TASK DIRECTIONS »
All that is wanted is the exact lines from the first line of the data below through the line with "- Profieng —", both ends included, with pictures omitted.

INPUT MATERIAL below:

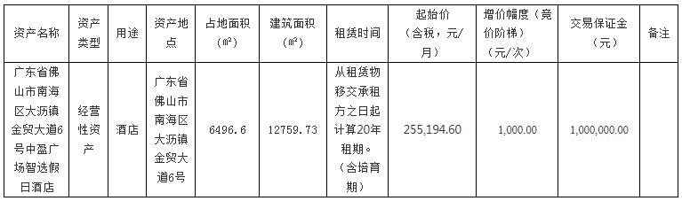 佛山市南海区大沥镇金贸大道6号中盈广场智选假日酒店网上租赁竞投公告
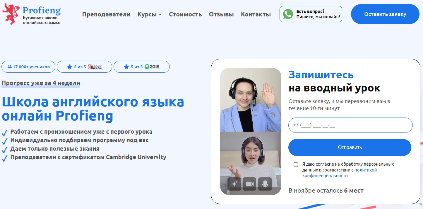 - Profieng — школа разговорного английского с индивидуальными программами, гибким расписанием и регулярным чекапом прогресса.
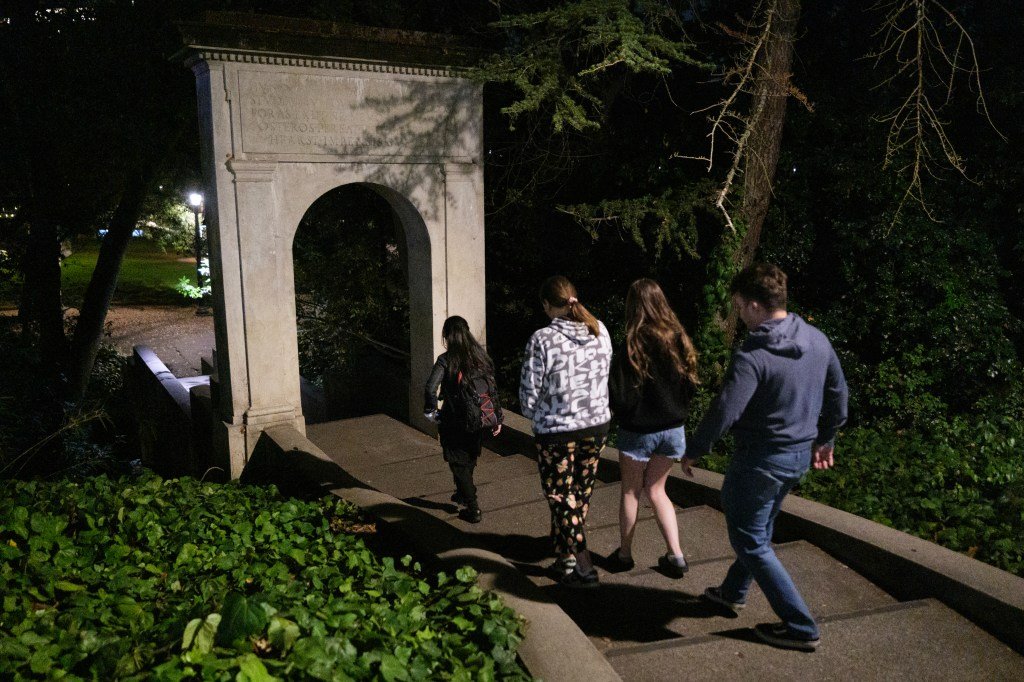 Esta noche realizaremos una caminata de 1,7 millas alrededor del campus y el vecindario circundante, hogar de algunos de los edificios más antiguos de la ciudad. El viaje comienza con la piel de gallina, pero a mitad de camino da un giro aterrador, advierte Liu. Firmamos un descargo legal liberando de responsabilidad por sufrir un infarto por miedo.
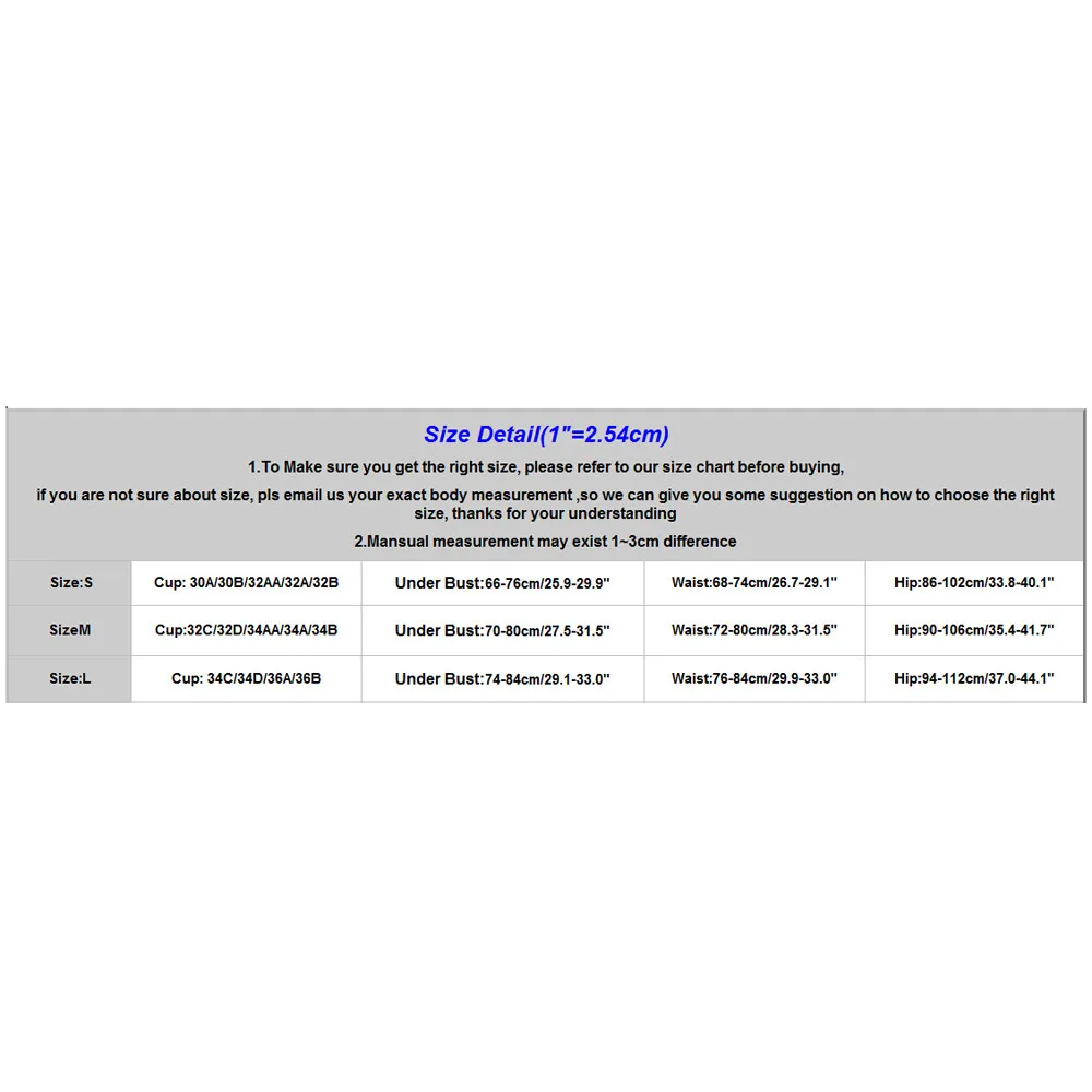 | Size:S | Cup: 30A/30B/32AA/32A/32B | Under Bust:66-76cm/25.9-29.9" | Waist:68-74cm/26.7-29.1" | Hip:86-102cm/33.8-40.1" |
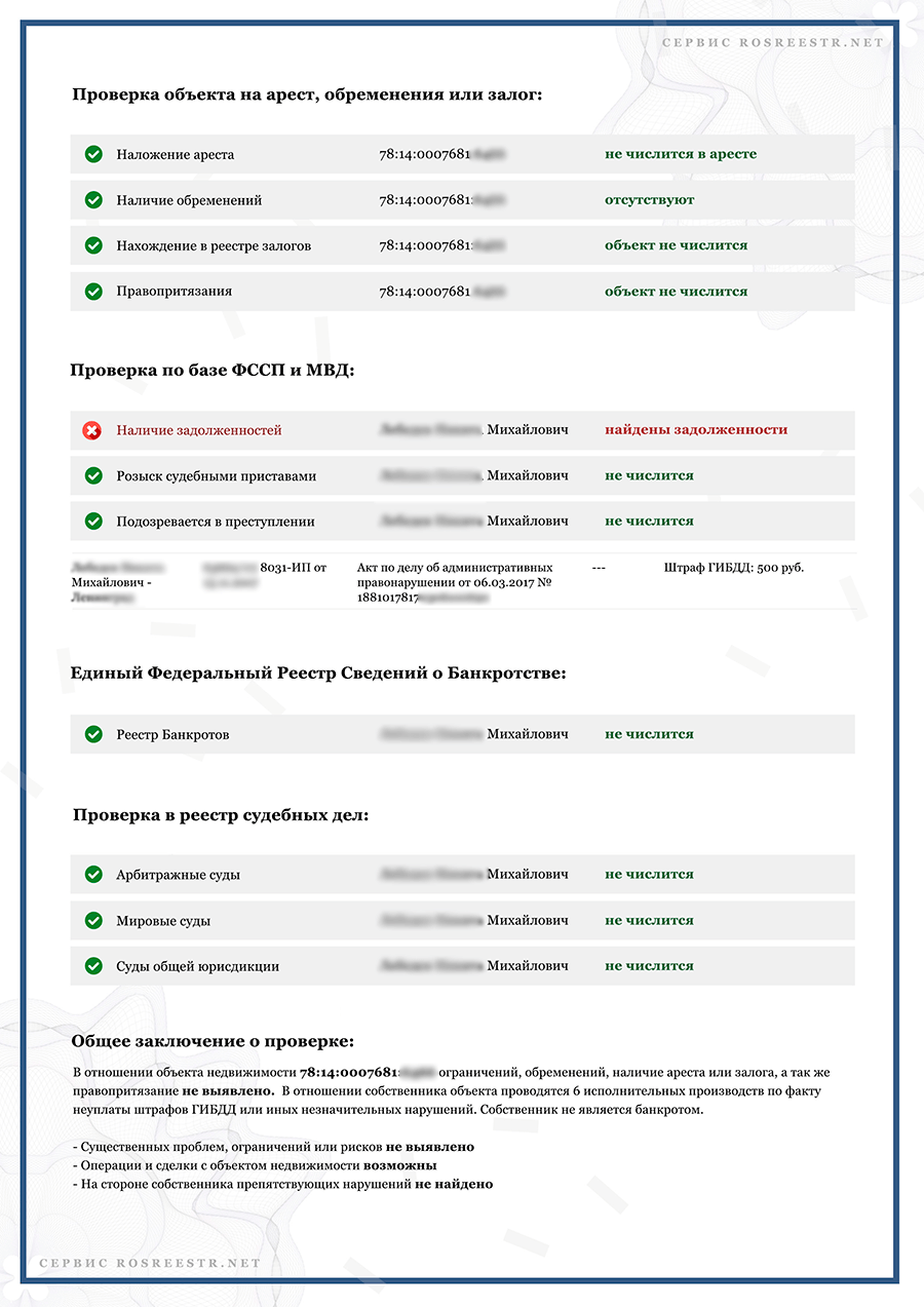 Сервис проверит квартиру на юр. чистоту, наличие залогов, обременений. Наличие права владения и долгов у собственника.
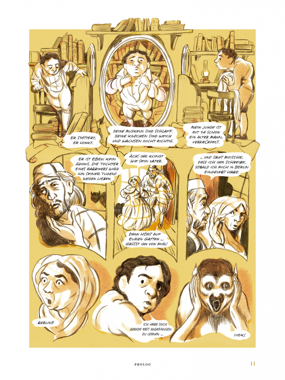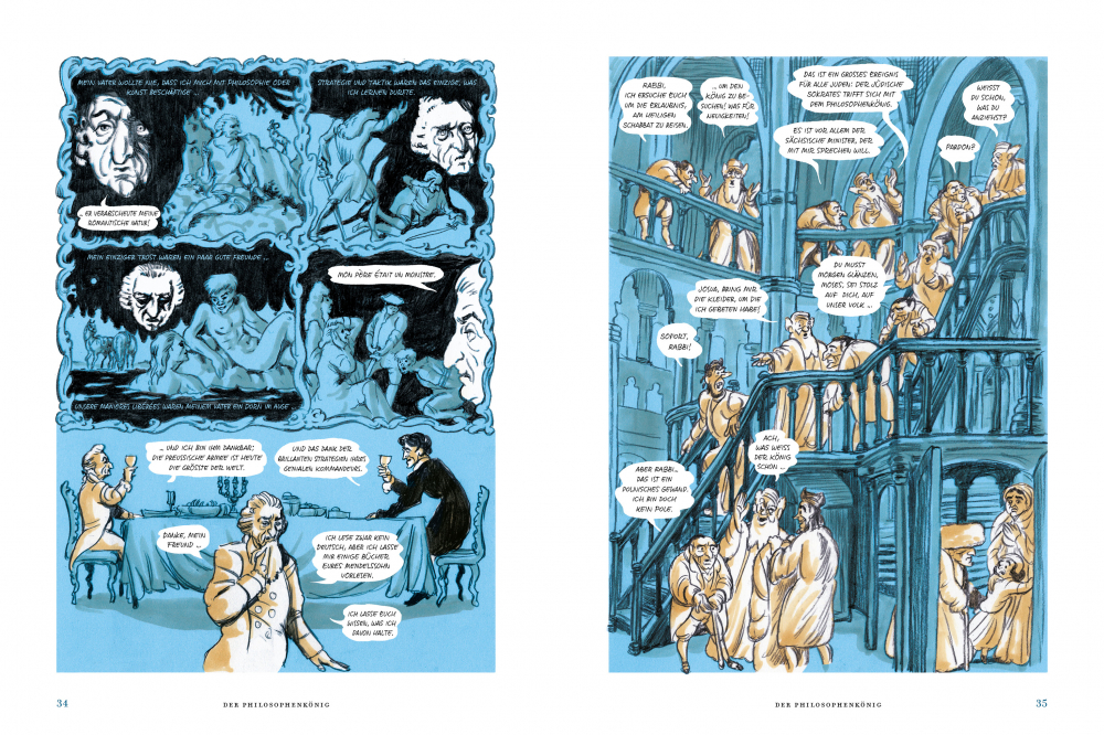 „Lernen Sie Moische kennen, den ‚Sokrates von Berlin‘, einen der brillantesten Köpfe, den diese Welt je gekannt hat. Als kleiner, buckliger, schüchterner und stotternder Mann beeindruckte Moses Mendelssohn (1729-1786) seine Zeitgenossen mit seinem Witz, der elegante Stil seines Schreibens, seine Freundlichkeit und Diplomatie.

End of INPUT MATERIAL.

TASK RESULT »
 佛山市南海区大沥镇金贸大道6号中盈广场智选假日酒店网上租赁竞投公告
 - Profieng — школа разговорного английского с индивидуальными программами, гибким расписанием и регулярным чекапом прогресса.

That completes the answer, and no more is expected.